Please reproduce all the data exactly as written and omit the pictures.

Data shown>
'''
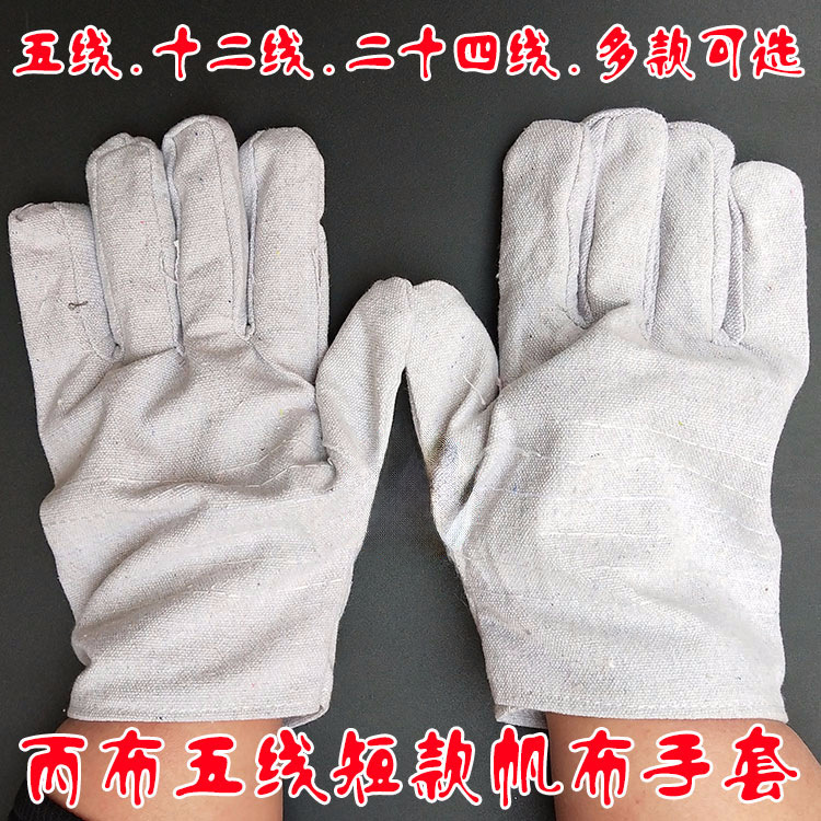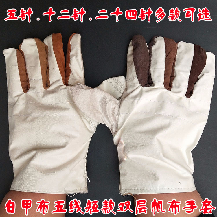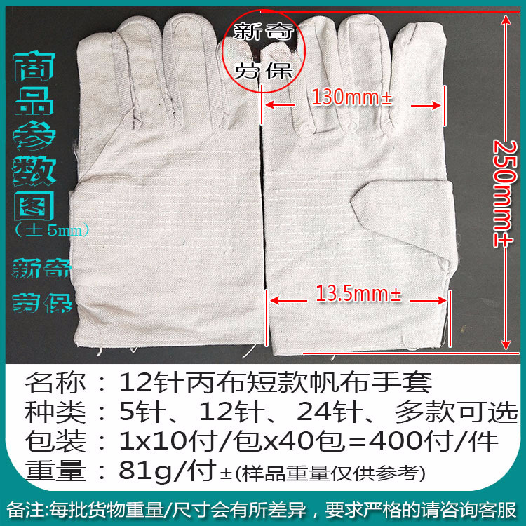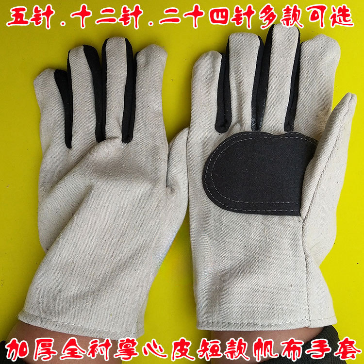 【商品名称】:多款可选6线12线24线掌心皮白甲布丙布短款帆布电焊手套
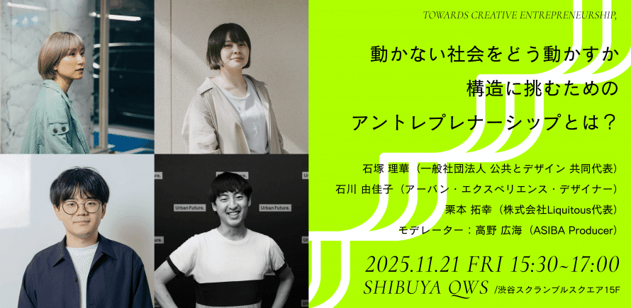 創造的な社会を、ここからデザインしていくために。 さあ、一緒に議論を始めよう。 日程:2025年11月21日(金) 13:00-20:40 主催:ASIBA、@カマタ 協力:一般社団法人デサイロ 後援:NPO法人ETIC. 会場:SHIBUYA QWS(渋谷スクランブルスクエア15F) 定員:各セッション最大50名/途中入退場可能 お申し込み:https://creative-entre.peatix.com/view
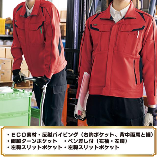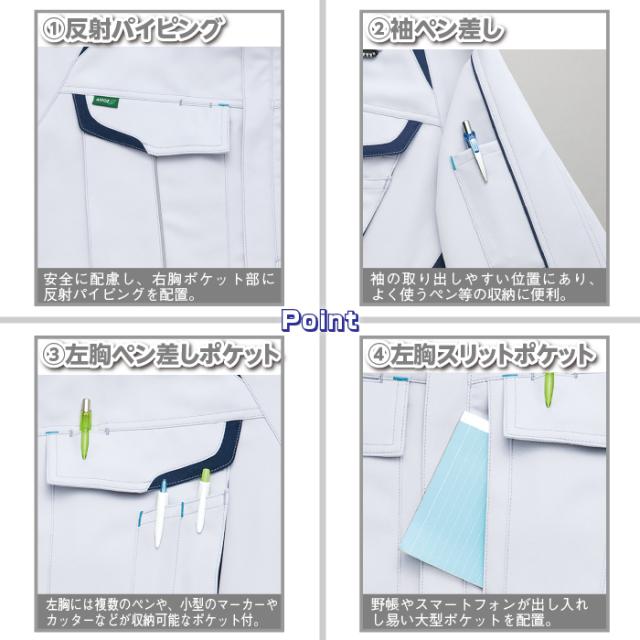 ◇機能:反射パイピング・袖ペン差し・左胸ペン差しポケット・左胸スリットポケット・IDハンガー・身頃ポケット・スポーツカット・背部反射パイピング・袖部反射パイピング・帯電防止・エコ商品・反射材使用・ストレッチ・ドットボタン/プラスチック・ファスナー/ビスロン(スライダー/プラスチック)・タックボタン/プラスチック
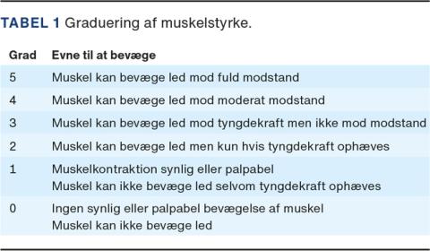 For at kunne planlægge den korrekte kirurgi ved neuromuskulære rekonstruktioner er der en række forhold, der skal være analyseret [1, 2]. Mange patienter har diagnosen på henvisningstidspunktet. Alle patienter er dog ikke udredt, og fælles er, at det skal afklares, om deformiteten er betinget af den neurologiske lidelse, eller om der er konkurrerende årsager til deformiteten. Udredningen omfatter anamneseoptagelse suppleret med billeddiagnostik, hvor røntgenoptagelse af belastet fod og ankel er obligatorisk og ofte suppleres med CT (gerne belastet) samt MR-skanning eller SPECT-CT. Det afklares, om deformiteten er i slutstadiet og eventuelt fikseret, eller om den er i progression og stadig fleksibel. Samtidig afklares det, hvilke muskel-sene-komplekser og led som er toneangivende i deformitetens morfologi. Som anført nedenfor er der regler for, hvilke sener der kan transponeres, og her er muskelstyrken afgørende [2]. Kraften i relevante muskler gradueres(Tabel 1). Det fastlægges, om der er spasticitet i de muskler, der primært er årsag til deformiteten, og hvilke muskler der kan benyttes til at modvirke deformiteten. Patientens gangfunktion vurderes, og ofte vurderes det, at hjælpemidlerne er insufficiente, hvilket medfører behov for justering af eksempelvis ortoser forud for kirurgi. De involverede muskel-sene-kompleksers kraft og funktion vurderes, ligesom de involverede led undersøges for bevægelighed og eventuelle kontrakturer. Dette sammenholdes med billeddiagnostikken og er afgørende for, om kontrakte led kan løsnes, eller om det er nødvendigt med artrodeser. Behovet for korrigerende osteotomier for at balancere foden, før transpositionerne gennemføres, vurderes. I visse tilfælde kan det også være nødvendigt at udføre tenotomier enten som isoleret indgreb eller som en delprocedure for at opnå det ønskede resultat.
'''
Solution for this exercise>
 【商品名称】:多款可选6线12线24线掌心皮白甲布丙布短款帆布电焊手套
 創造的な社会を、ここからデザインしていくために。 さあ、一緒に議論を始めよう。 日程:2025年11月21日(金) 13:00-20:40 主催:ASIBA、@カマタ 協力:一般社団法人デサイロ 後援:NPO法人ETIC. 会場:SHIBUYA QWS(渋谷スクランブルスクエア15F) 定員:各セッション最大50名/途中入退場可能 お申し込み:https://creative-entre.peatix.com/view
 ◇機能:反射パイピング・袖ペン差し・左胸ペン差しポケット・左胸スリットポケット・IDハンガー・身頃ポケット・スポーツカット・背部反射パイピング・袖部反射パイピング・帯電防止・エコ商品・反射材使用・ストレッチ・ドットボタン/プラスチック・ファスナー/ビスロン(スライダー/プラスチック)・タックボタン/プラスチック
 For at kunne planlægge den korrekte kirurgi ved neuromuskulære rekonstruktioner er der en række forhold, der skal være analyseret [1, 2]. Mange patienter har diagnosen på henvisningstidspunktet. Alle patienter er dog ikke udredt, og fælles er, at det skal afklares, om deformiteten er betinget af den neurologiske lidelse, eller om der er konkurrerende årsager til deformiteten. Udredningen omfatter anamneseoptagelse suppleret med billeddiagnostik, hvor røntgenoptagelse af belastet fod og ankel er obligatorisk og ofte suppleres med CT (gerne belastet) samt MR-skanning eller SPECT-CT. Det afklares, om deformiteten er i slutstadiet og eventuelt fikseret, eller om den er i progression og stadig fleksibel. Samtidig afklares det, hvilke muskel-sene-komplekser og led som er toneangivende i deformitetens morfologi. Som anført nedenfor er der regler for, hvilke sener der kan transponeres, og her er muskelstyrken afgørende [2]. Kraften i relevante muskler gradueres(Tabel 1). Det fastlægges, om der er spasticitet i de muskler, der primært er årsag til deformiteten, og hvilke muskler der kan benyttes til at modvirke deformiteten. Patientens gangfunktion vurderes, og ofte vurderes det, at hjælpemidlerne er insufficiente, hvilket medfører behov for justering af eksempelvis ortoser forud for kirurgi. De involverede muskel-sene-kompleksers kraft og funktion vurderes, ligesom de involverede led undersøges for bevægelighed og eventuelle kontrakturer. Dette sammenholdes med billeddiagnostikken og er afgørende for, om kontrakte led kan løsnes, eller om det er nødvendigt med artrodeser. Behovet for korrigerende osteotomier for at balancere foden, før transpositionerne gennemføres, vurderes. I visse tilfælde kan det også være nødvendigt at udføre tenotomier enten som isoleret indgreb eller som en delprocedure for at opnå det ønskede resultat.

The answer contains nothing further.